Summary: Bitcoin’s 4-Year Rhythm Is Still Playing Out, Says Crypto CEO

Published: 28 days and 3 hours ago
Based on article from NewsBTC

Bitcoin’s 4-Year Rhythm: Why the Cycle is Still on Track

Despite a recent countertrend rally that pushed Bitcoin toward the $82,800 mark, Benjamin Cowen, CEO of Into The Cryptoverse, suggests that the asset is following a familiar historical script. Cowen argues that the recent price action isn't a sign of a new bull phase, but rather a recurring pattern that confirms Bitcoin's traditional four-year cycle remains very much alive.

Historical Echoes and Technical Rejections

A primary indicator for this bearish outlook is Bitcoin's recent rejection at the 200-day simple moving average. According to Cowen, this specific technical behavior mirrored market movements seen in 2018 and 2022, both of which preceded a final, sharp leg down. While some investors viewed the 16-week bounce as a sign of a market floor, Cowen notes that past countertrend rallies have lasted even longer without preventing an eventual correction.

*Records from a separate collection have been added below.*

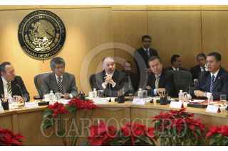 CIUDAD DE MÉXICO, 12DICIEMBRE2016.- El Procurador General de la República, Raúl Cervantes Andrade, se reunió con la Junta de Coordinación Política de la Cámara de Diputados. En la imagen lo acompaña el coordinador priista César Camacho Quiroz. FOTO: CUARTOSCURO.COM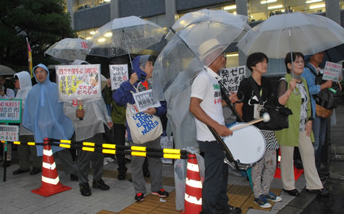 6月26日の金曜行動は雨のため首相官邸前だけでの開催となった。いつもは国会前での行動に参加している人たちも官邸前に合流し、いっそう元気な金曜行動となった。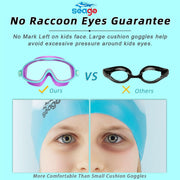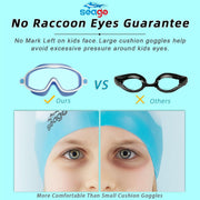 【COMFORT & SAFETY】Our swimming goggles use soft silicone cushioned frames for the best possible fit, 100% latex-free, which relieves the pressure on the skin and creates a waterproof seal to prevent children from chlorine and raccoon eyes.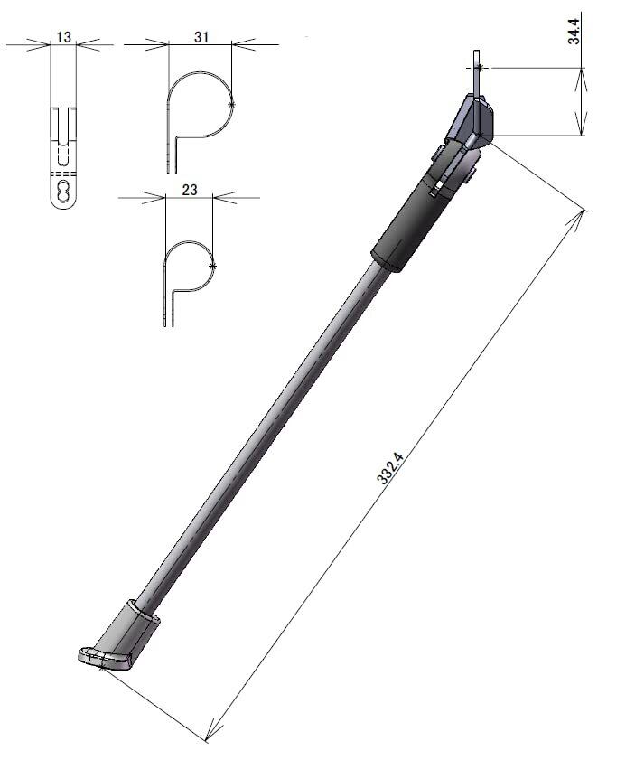 2穴仕様のP型クリップが2種類、スタンド取付穴も2か所設け、幅広い車種に対応。先端キャップ部を取り外しカットもしくは付属のワッシャーを使用することで細かな立ち角調整も可能

Timing the Peak and the Predicted Bottom

The framework for this analysis rests on the timing of Bitcoin’s peaks and troughs. Cowen points out that Bitcoin’s climb to $126,200 in October 2025 landed precisely within the expected cycle window when measured from previous lows. If this timing holds true for the downside, the market may not see a definitive bottom until the closing months of 2026, consistent with the midterm year lows observed in December 2018 and November 2022.

A Divided Outlook for 2026

While Cowen warns of a potential decline below the $60,000 support level, the broader analyst community remains split. Some market observers predict a climb past $90,000 as early as June, citing different support retests. However, Cowen maintains that the halving-driven rhythm continues to dictate Bitcoin's price structure, suggesting that the path to the next true bull market may require a final period of significant capitulation.